Could you restate the data below word for word, without its pictures?
Top of Source material
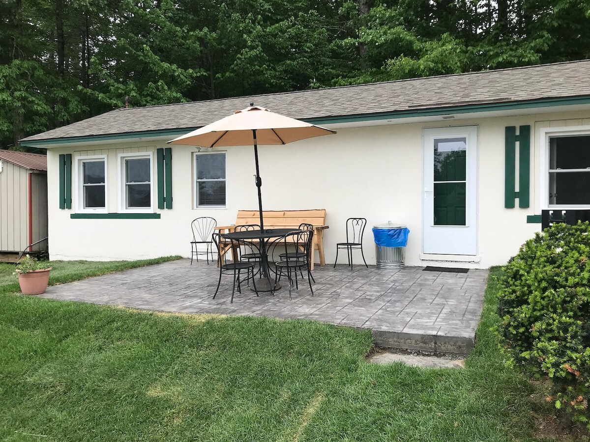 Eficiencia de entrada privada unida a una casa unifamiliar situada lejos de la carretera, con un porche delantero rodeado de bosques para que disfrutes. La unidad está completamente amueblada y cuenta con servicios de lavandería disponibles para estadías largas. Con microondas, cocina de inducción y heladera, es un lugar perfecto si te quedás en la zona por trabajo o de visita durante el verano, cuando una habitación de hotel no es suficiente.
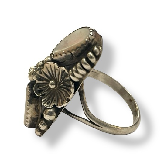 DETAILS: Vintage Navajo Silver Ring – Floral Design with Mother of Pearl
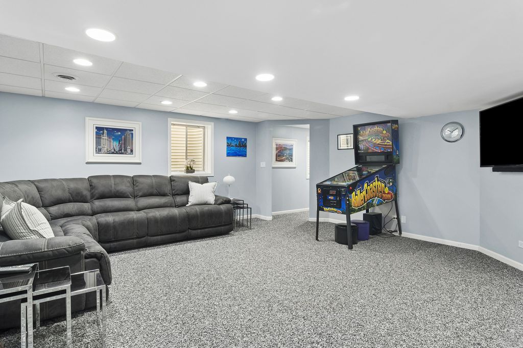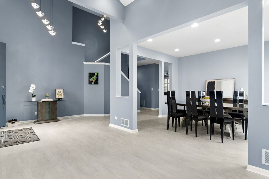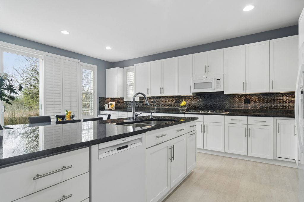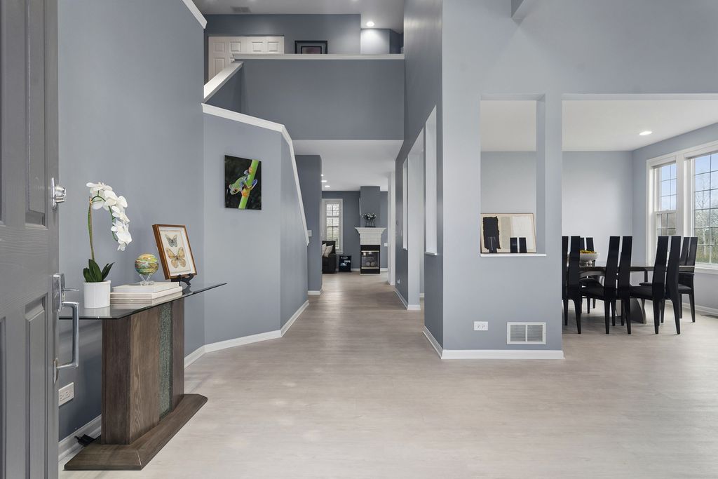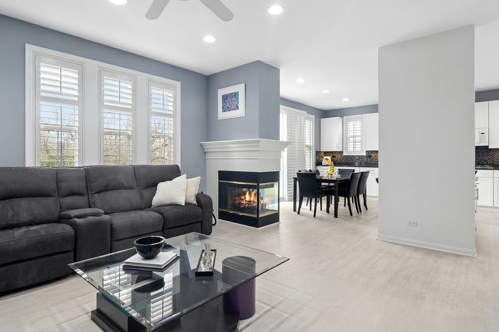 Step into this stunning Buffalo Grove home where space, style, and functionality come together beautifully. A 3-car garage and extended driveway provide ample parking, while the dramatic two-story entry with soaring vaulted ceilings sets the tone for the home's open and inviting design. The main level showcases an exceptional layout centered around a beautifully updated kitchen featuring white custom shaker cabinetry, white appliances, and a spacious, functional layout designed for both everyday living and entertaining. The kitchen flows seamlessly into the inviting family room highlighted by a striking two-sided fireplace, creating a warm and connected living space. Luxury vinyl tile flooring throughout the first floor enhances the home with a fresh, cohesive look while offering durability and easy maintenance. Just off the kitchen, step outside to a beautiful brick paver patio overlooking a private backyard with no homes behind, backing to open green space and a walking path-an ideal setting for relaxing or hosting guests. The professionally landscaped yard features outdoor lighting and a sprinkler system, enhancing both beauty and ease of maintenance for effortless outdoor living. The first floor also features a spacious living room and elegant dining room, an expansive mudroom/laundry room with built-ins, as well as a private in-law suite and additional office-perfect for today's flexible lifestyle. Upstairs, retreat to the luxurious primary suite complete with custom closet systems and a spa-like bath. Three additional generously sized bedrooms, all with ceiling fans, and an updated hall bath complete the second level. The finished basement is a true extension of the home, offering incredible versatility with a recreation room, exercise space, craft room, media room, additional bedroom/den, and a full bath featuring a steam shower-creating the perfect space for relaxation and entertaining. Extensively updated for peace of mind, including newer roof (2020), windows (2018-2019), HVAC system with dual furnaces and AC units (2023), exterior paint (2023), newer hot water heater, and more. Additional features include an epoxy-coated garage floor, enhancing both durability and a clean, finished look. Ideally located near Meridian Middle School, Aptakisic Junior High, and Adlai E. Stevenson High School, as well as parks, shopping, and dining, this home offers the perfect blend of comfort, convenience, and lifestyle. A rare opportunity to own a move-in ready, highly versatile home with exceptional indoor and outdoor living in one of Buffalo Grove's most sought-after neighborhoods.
Bottom of Source material
(Response for this exercise):
 Eficiencia de entrada privada unida a una casa unifamiliar situada lejos de la carretera, con un porche delantero rodeado de bosques para que disfrutes. La unidad está completamente amueblada y cuenta con servicios de lavandería disponibles para estadías largas. Con microondas, cocina de inducción y heladera, es un lugar perfecto si te quedás en la zona por trabajo o de visita durante el verano, cuando una habitación de hotel no es suficiente.
 DETAILS: Vintage Navajo Silver Ring – Floral Design with Mother of Pearl
 Step into this stunning Buffalo Grove home where space, style, and functionality come together beautifully. A 3-car garage and extended driveway provide ample parking, while the dramatic two-story entry with soaring vaulted ceilings sets the tone for the home's open and inviting design. The main level showcases an exceptional layout centered around a beautifully updated kitchen featuring white custom shaker cabinetry, white appliances, and a spacious, functional layout designed for both everyday living and entertaining. The kitchen flows seamlessly into the inviting family room highlighted by a striking two-sided fireplace, creating a warm and connected living space. Luxury vinyl tile flooring throughout the first floor enhances the home with a fresh, cohesive look while offering durability and easy maintenance. Just off the kitchen, step outside to a beautiful brick paver patio overlooking a private backyard with no homes behind, backing to open green space and a walking path-an ideal setting for relaxing or hosting guests. The professionally landscaped yard features outdoor lighting and a sprinkler system, enhancing both beauty and ease of maintenance for effortless outdoor living. The first floor also features a spacious living room and elegant dining room, an expansive mudroom/laundry room with built-ins, as well as a private in-law suite and additional office-perfect for today's flexible lifestyle. Upstairs, retreat to the luxurious primary suite complete with custom closet systems and a spa-like bath. Three additional generously sized bedrooms, all with ceiling fans, and an updated hall bath complete the second level. The finished basement is a true extension of the home, offering incredible versatility with a recreation room, exercise space, craft room, media room, additional bedroom/den, and a full bath featuring a steam shower-creating the perfect space for relaxation and entertaining. Extensively updated for peace of mind, including newer roof (2020), windows (2018-2019), HVAC system with dual furnaces and AC units (2023), exterior paint (2023), newer hot water heater, and more. Additional features include an epoxy-coated garage floor, enhancing both durability and a clean, finished look. Ideally located near Meridian Middle School, Aptakisic Junior High, and Adlai E. Stevenson High School, as well as parks, shopping, and dining, this home offers the perfect blend of comfort, convenience, and lifestyle. A rare opportunity to own a move-in ready, highly versatile home with exceptional indoor and outdoor living in one of Buffalo Grove's most sought-after neighborhoods.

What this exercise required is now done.